- **ASSIGNMENT**: Exclude the pictures. Transcribe exactly, and only, the lines from the one holding "YouTube kanāla Woodworking" to the end of the material below.

- **RAW DATA**:
--*--

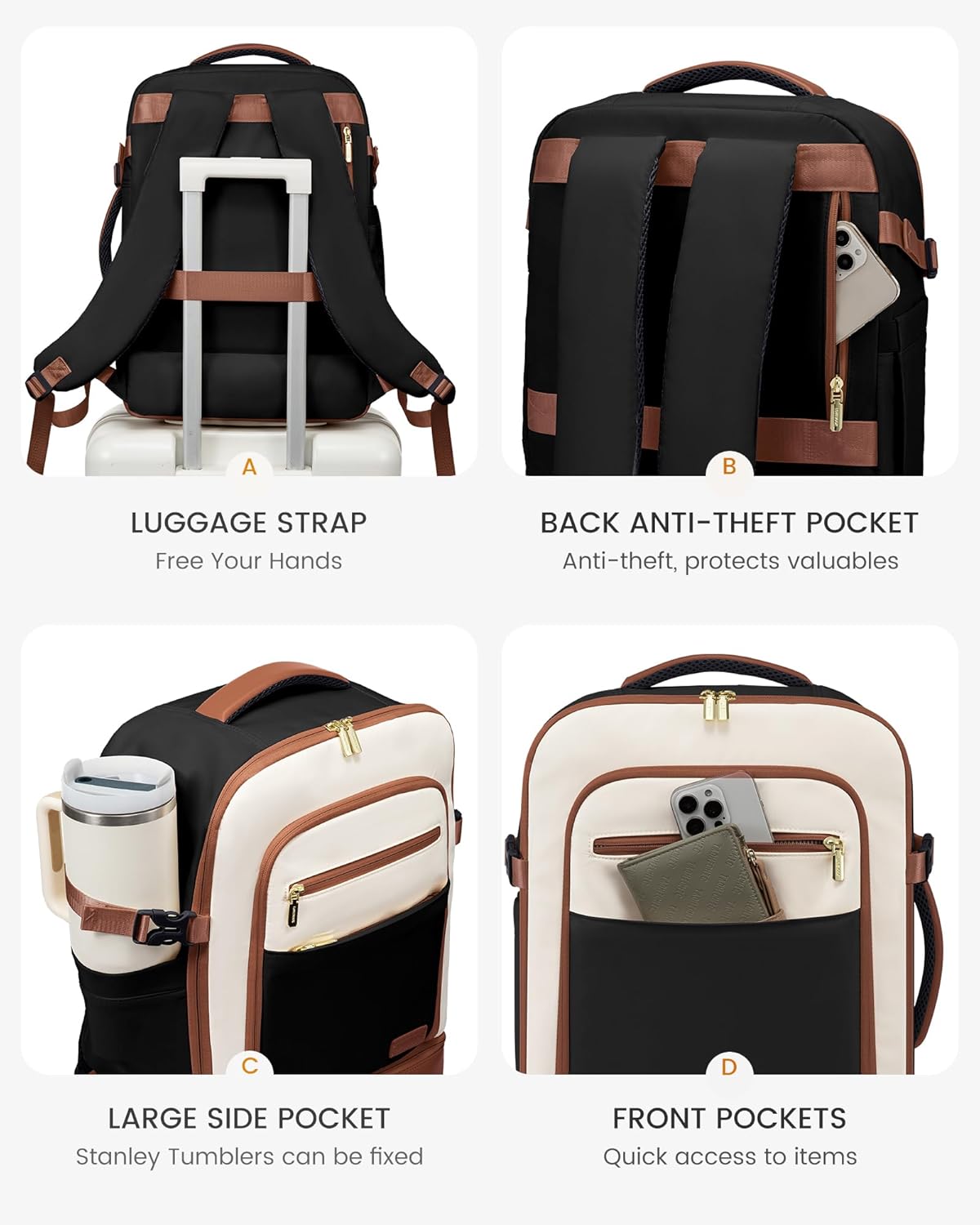 【Versatile Carrying Options】This womens travel backpack is designed for flexible use, allowing you to carry it by hand or as a carry on bag. It’s flight-approved as a personal item, making it ideal for travelers. A perfect gift for travel enthusiasts, it keeps all travel essentials easily accessible.
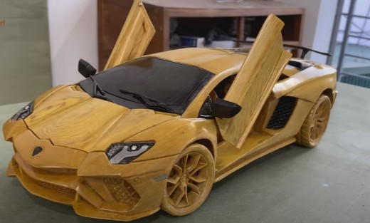 YouTube kanāla Woodworking Art autori nodemonstrējuši savu jaunāko veikumu - koka Lamborghini Aventador S.
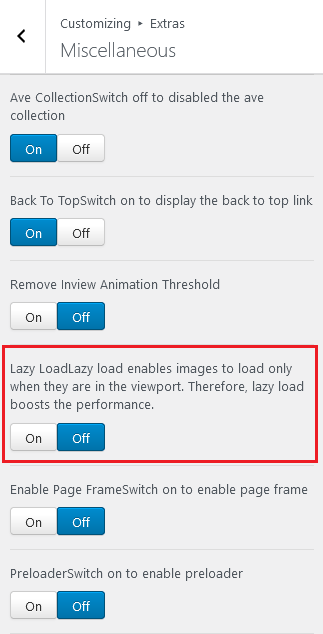 Disable image lazy loading by navigating to your WordPress dashboard > Appearance > Themes > Customize button under Ave theme > Extras > Miscellaneous > Image lazy loading feature, as seen below.

--*--

- **REPLY**:
 YouTube kanāla Woodworking Art autori nodemonstrējuši savu jaunāko veikumu - koka Lamborghini Aventador S.
 Disable image lazy loading by navigating to your WordPress dashboard > Appearance > Themes > Customize button under Ave theme > Extras > Miscellaneous > Image lazy loading feature, as seen below.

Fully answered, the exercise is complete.